Implementation Considerations
Storage: We store the ontology in a graph database (we use a combination of PostgreSQL for attributes and a graph layer for relationships). The graph structure makes relationship traversal fast.
Caching: Common queries are cached with invalidation tied to object updates. Cache invalidation follows relationship paths—updating a Supplier invalidates cached queries involving that Supplier's Materials and Certificates.
Performance: For large pharmaceutical companies, we're dealing with tens of thousands of suppliers, hundreds of thousands of certificates, and millions of relationship edges. Index design and query optimization matter.
Multi-tenancy: Each customer has their own ontology namespace. While the base ontology is shared, customers can extend it with custom objects and properties.
Lessons Learned
Start with the domain, not the systems. We initially tried to build the ontology by generalizing from system schemas. This led to a model that was too tied to existing system structures. When we stepped back and modeled the domain directly, we got a cleaner, more useful ontology.
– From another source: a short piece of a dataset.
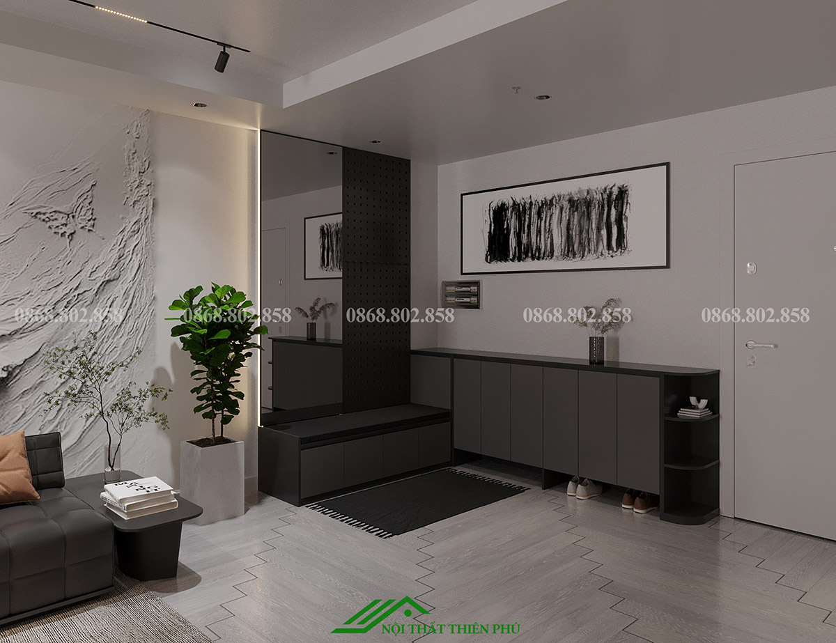 Không gian tủ giày, khu vực trước cửa phòng khách thuận tiện cho việc sử dụng

Relationships are as important as objects. Early versions had rich object definitions but thin relationship modeling. This made cross-system queries awkward. We invested heavily in relationship semantics and it paid off.
Plan for extension. Pharmaceutical compliance is complex. We kept discovering new object types and relationships. Building an extensible ontology from the start saved us from painful migrations.
Document the semantics. Every object and property has documentation explaining what it means, not just what type it is. This documentation is essential when onboarding new team members or discussing requirements with customers.
The Payoff
Ontology-driven architecture adds upfront complexity. It takes time to design a good ontology, implement the mapping system, and build the query engine.
But the payoff is substantial:
- Faster integration: Adding a new source system is configuration, not code rewrite
- Powerful queries: Questions that span systems become trivial to answer
- AI readiness: AI agents have a semantic foundation to work from
- Future-proofing: When systems change, we update mappings, not architecture
For anyone building software that connects multiple enterprise systems, I'd strongly recommend investing in semantic modeling early. It's one of the best architectural decisions we made at Cohera.